The same logic was used to build the GSES. This expert system includes the aforementioned variables and theoretical relationships to allow different types of companies to identify the optimal way to support their global sourcing strategy through SM practices. It is important to emphasize that the model was developed considering the plant as the unit of analysis. We are aware that in multiplant networks, a broader set of strategies to deploy a global sourcing strategy exists than the one considered in our paper. Nevertheless, the GSES can also be employed by companies operating in multi-plant networks or by headquarters to orient their strategy. The GSES was also validated through simulations and five case studies. A detailed description of the GSES and the steps followed to build it is provided in the next paragraphs.

4.1

Design of the Global Sourcing Expert System (GSES) According to the literature, the process of conception and implementation of an expert

system follows four main stages: problem selection (1), in which the domain and boundaries of the problem are set; knowledge representation and acquisition (2), in which the information is collected and organized; knowledge engineering (3), which is the phase of real expert system development that includes: choice of the technology to employ, variable selection, realization of the inference engine and the presentation layer (the user interface) of the expert system; and finally, knowledge testing and evaluation (4) to test the compliance of the expert system in relation to its specifications and to evaluate and validate it in the actual use context. In our case, the problem domain and the relationships among variables were drawn from the literature, while the information came from the International Manufacturing Strategy Survey (IMSS) 5. This dataset is composed of 725 companies (in the ISIC code 28-35) distributed across 19 countries. This survey was already used to explore SM issues (e.g., Caniato et al., 2013; Golini and Kalchschmidt, 2011b; Wiengarten et al., 2014) but never in the form of an expert system. For more information about the IMSS database refer to the Appendixes.

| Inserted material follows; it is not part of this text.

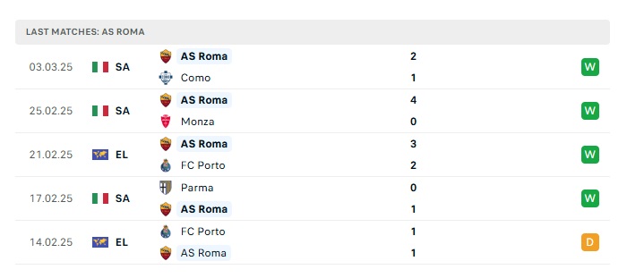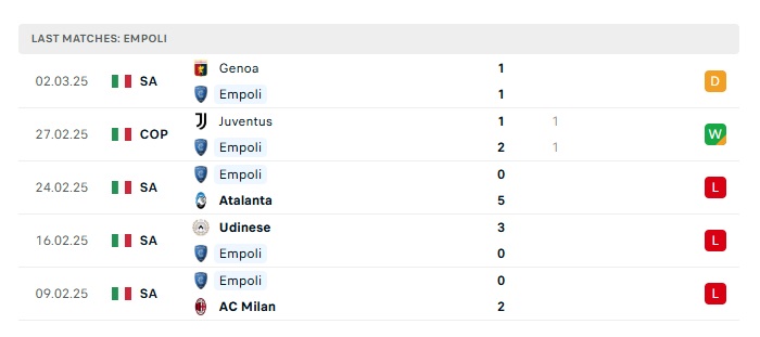 Hiện tại, phong độ thi đấu của Empoli chắc chắn là thua xa so với đối thủ Roma trong thời gian qua. Trong 10 trận đấu gần nhất của Empoli, họ đang chỉ có 1 thắng, 3 hòa và 6 thua trước đối thủ. Trong khi đó thì Roma hiện đang có chuỗi 6 trận liên tiếp bất bại cùng 5 chiến thắng và chỉ hòa 1. Do đó, đội khách chắc chắn sẽ dễ dàng đánh bại đối thủ trong ngày thi đấu hôm nay.

It is important to remind that to build the GSES we did not use the results of the survey, but the GSES uses raw data to produce results that vary dynamically according to the inputs. This knowledge engineering phase required to create an Excel-based application that works along 4 steps, in which only the first and the last steps were visible to the user (Figure 2). In order to allow replications of our study, we describe how the GSES was build following each step.

FIGURE 2 ABOUT HERE

1.1.1 Step 1: Input user form First, the users inserts the inputs to create a profile of his/her company. As specified in Figure 1, the inputs regard the adoption of global sourcing and the internal and external factors. A detailed list of the inputs and measures is reported in Table 3. Measures (e.g., percentages, 1-5 scores) were selected in order to be aligned with the analogous questions in the database. From the system point of view, it is just a form, no calculations are made here. TABLE 3 ABOUT HERE

1.1.2 Step 2: Definition of the peer list The IMSS database used includes a large number of companies that have very different characteristics in terms of internal and external factors (Table 2). Therefore it is necessary for the user company to compare itself with a subset of companies with similar characteristics (i.e., peer list). Because of that, after the inputs are filled in, a short-list of peers is selected from the IMSS database (Step 2 in Figure 2). To be included in the peer list, the level of dissimilarity of a company in the database should be below a certain threshold. The level of dissimilarity is evaluated according to two indexes. The first one is the dissimilarity in terms of extent of global sourcing adoption (“global sourcing dissimilarity index”); the second one is the dissimilarity in terms of internal and external factors (“factors dissimilarity index”). There is an AND logic that connects the two

indexes. In other words, only companies that have similar global sourcing adoption and similar internal and external factors are included in the peer list. To evaluate the global sourcing dissimilarity index (idgs,i), we used information from the global sourcing section of the inputs (Table 3) where the respondent is asked to fill in the percentage of purchases from inside the nation (pin), outside the nation but inside the continent (pic), and outside the continent (poc). In the input form, the sum of the three components is required to be equal to 100%. We refer to a user company u; therefore, for each company i in the database, we calculate the global sourcing dissimilarity index for of company i as follows:

Every indicator (pin, pic, poc) is expressed in percentage terms (from 0% to 100%) and their sum must be 100%. Because of that, this index can range from 0% to 200%. When idgs,i is equal to 0% there is a perfect similarity, i.e. the user company and the company i in the dataset have the same sourcing profile (e.g., they both buy 100% outside the continent). When idgs,i is equal to 200% there is a complete dissimilarity, i.e., the user company and the company i in the dataset have an opposite sourcing profile (e.g., one buys 100% inside the country and the other one 100% outside). For the reasons explained later, we decided to include in the peers group only companies with an idgs,i value lower than 100%. Next, the factors dissimilarity index (IDi) is calculated as the average of several sub-indexes representing production type (idtp,i), position of the decoupling point (idpd,i), size measured with the turnover (idturn,i), size measured with the employees (idempl,i), market dynamic (iddyn,i),and variability of supply (idvar,i), requirement product complexity (idcompl,i), as follows:

The calculation of each sub index is reported in the annexes for brevity sake. Only the cases with a value of IDi lower than 120% (out of 200%) can enter in the peer group.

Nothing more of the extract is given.